- YOUR ASSIGNMENT -
Although the records contain pictures, none belong in the copy: restate word for word only the lines from the one with "Детска дървена площадка" through the one with "We had to leave", both included.

(Data records)
BEGIN

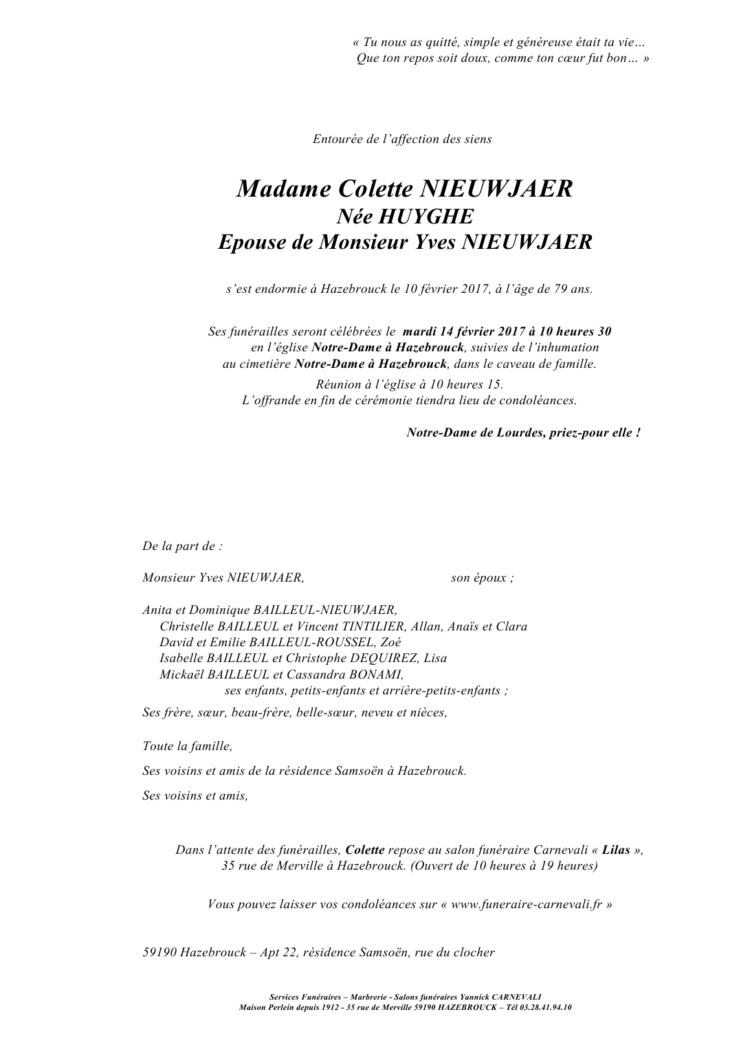 Epouse de Monsieur Yves Raymond Lucien NIEUWJAER
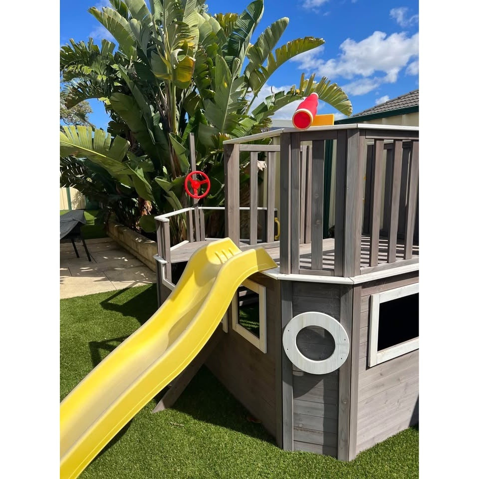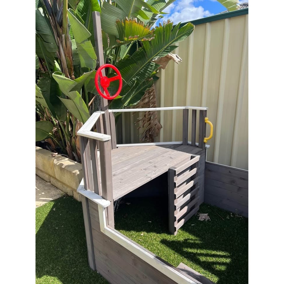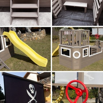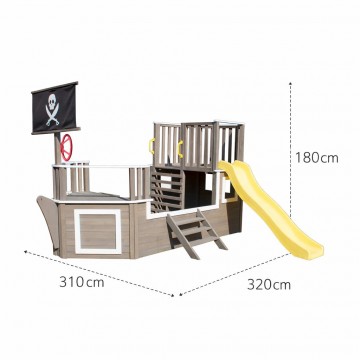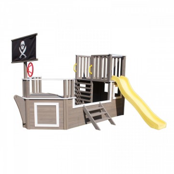 Детска дървена площадка във формата на пиратски кораб, който насърчава въображението и ролевите игри. Подходяща е, както за двора, така и за детски центрове и градини. Комибира различни съоражения за активност и игра.
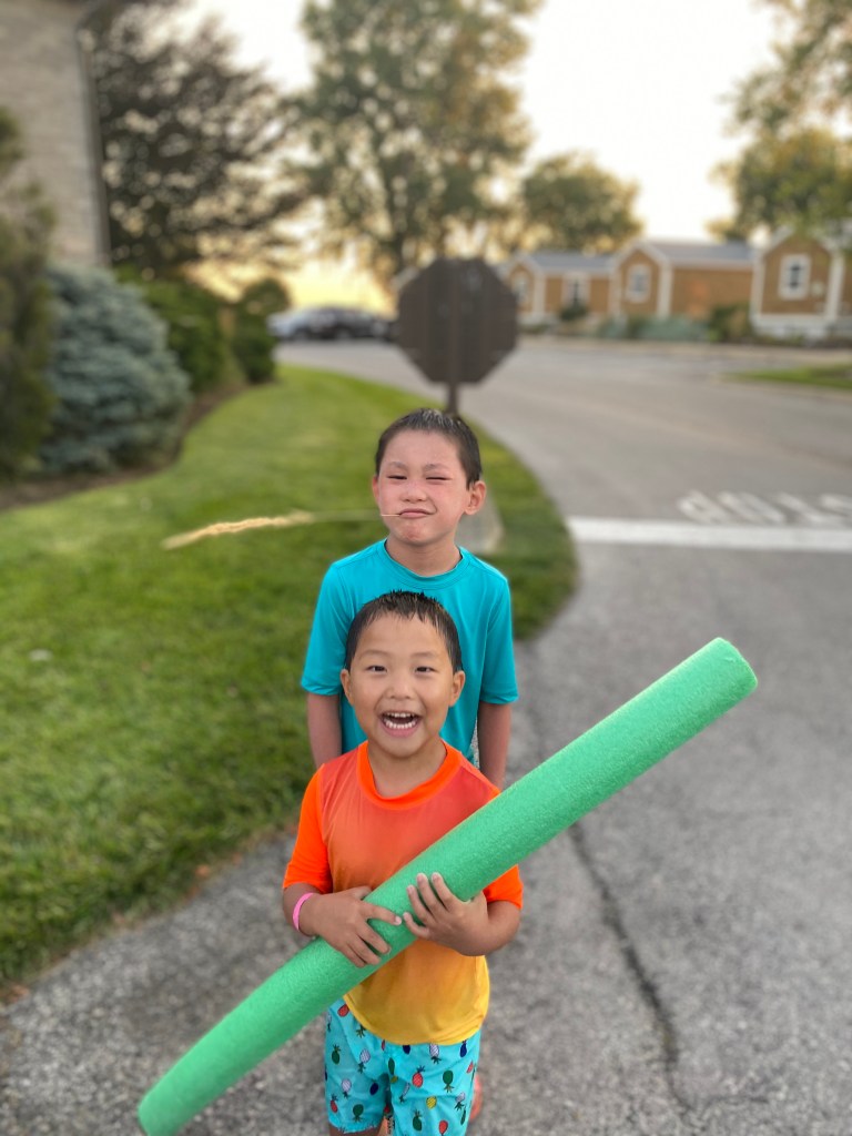 We had to leave the park a little early for an emergency Friday night board meeting at 6:30. I haven’t found any great solutions for Zoom meetings on the road trip. Much to my surprise, the pool has been the best of a bad choice set. So we jogged from the park to the camp store, where I grabbed them each an ice cream sandwich as penance for making us leave the park prematurely, and then they speed-changed into their swim suits so we could get to the pool before the meeting started.
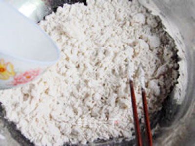 準備一個不銹鋼盆放入500克面粉,將酵母倒進30度左右的溫水里,用筷子攪拌融化,將酵母水倒入,邊倒入邊用筷子攪拌成絮狀。
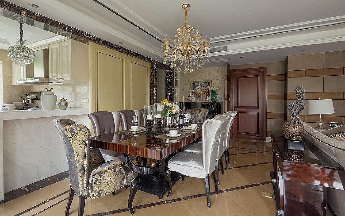 因女主人仅表示厨房空间须以实用为导向,而其它部分以男主人的喜好订定之,本案例的屋主协调出夫妻俩的共同喜好,打造出男女主人都满意的新古典空间。
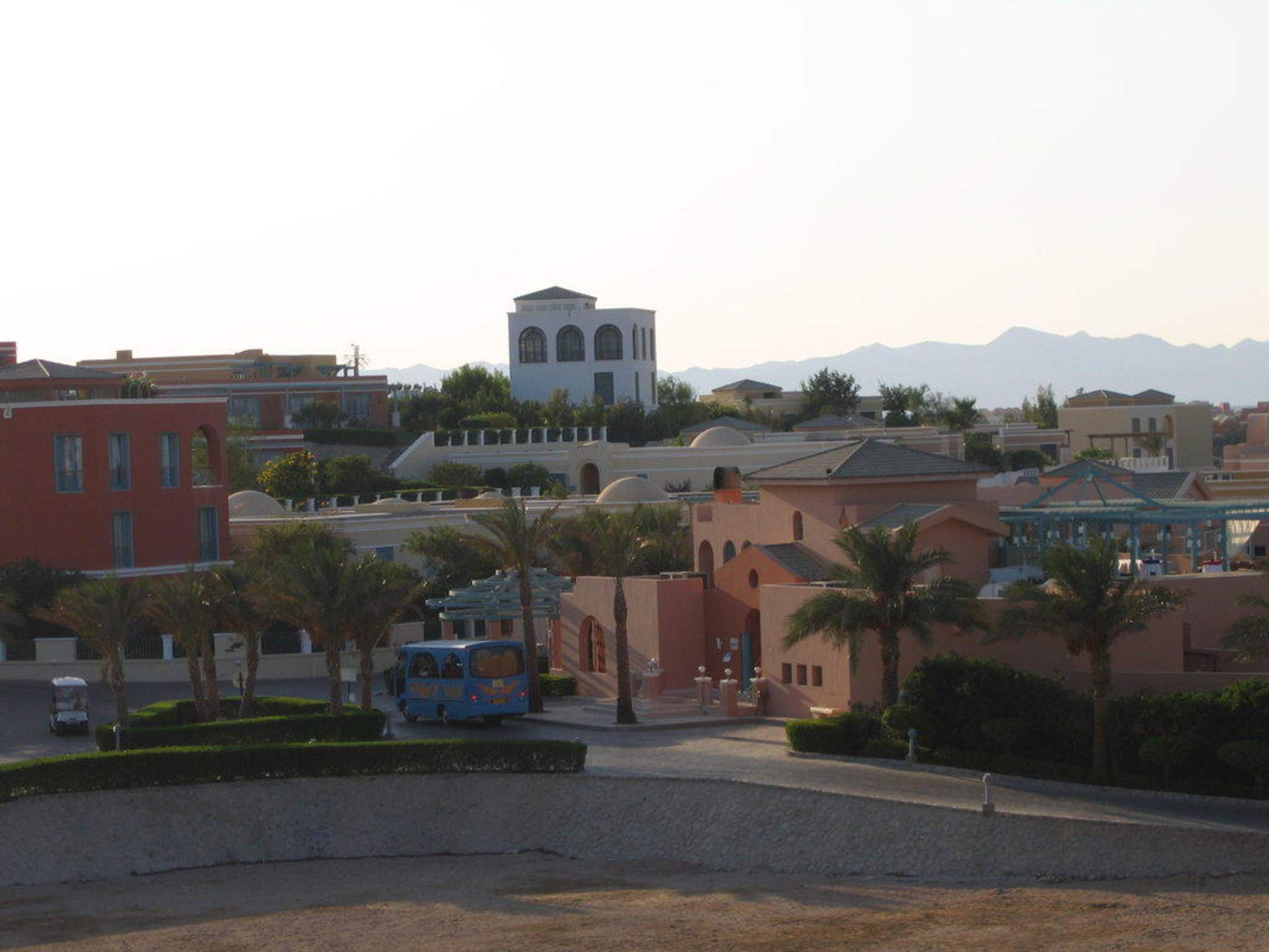 Haupteingang Restaurant Il LimoneIm Hintergrund der 8000-er Zimmerbereich und ein Teil der privaten Hill Villas. Vor dem Restaurant steht der Shuttle-Bus, der regelmäßig nach El Gouna fährt
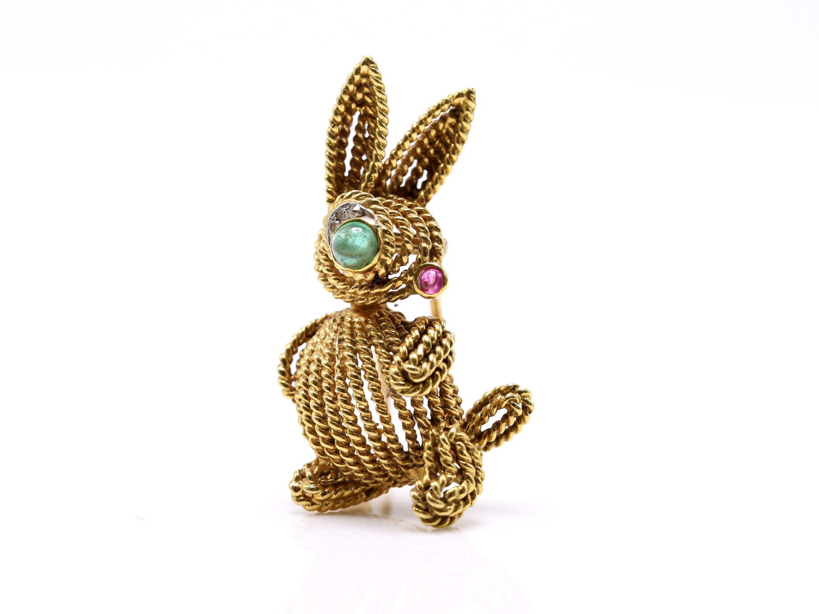 SoldVintage Van Cleef & Arpels 18k Yellow Gold Emerald, Diamond and Ruby Bunny Brooch PinMETAL: 18k Yellow Gold. GEMSTONES: Diamonds approx. 0.01 ctw, Emerald, Ruby. MEASUREMENTS: 43mm x 16mm. MARKED/TESTED: VCA, Made in France, 11/225 P, maker's marks/ tested as 18k Gold. WEIGHT: 11.See Sold Price

END

- TASK SOLUTION -
 Детска дървена площадка във формата на пиратски кораб, който насърчава въображението и ролевите игри. Подходяща е, както за двора, така и за детски центрове и градини. Комибира различни съоражения за активност и игра.
 We had to leave the park a little early for an emergency Friday night board meeting at 6:30. I haven’t found any great solutions for Zoom meetings on the road trip. Much to my surprise, the pool has been the best of a bad choice set. So we jogged from the park to the camp store, where I grabbed them each an ice cream sandwich as penance for making us leave the park prematurely, and then they speed-changed into their swim suits so we could get to the pool before the meeting started.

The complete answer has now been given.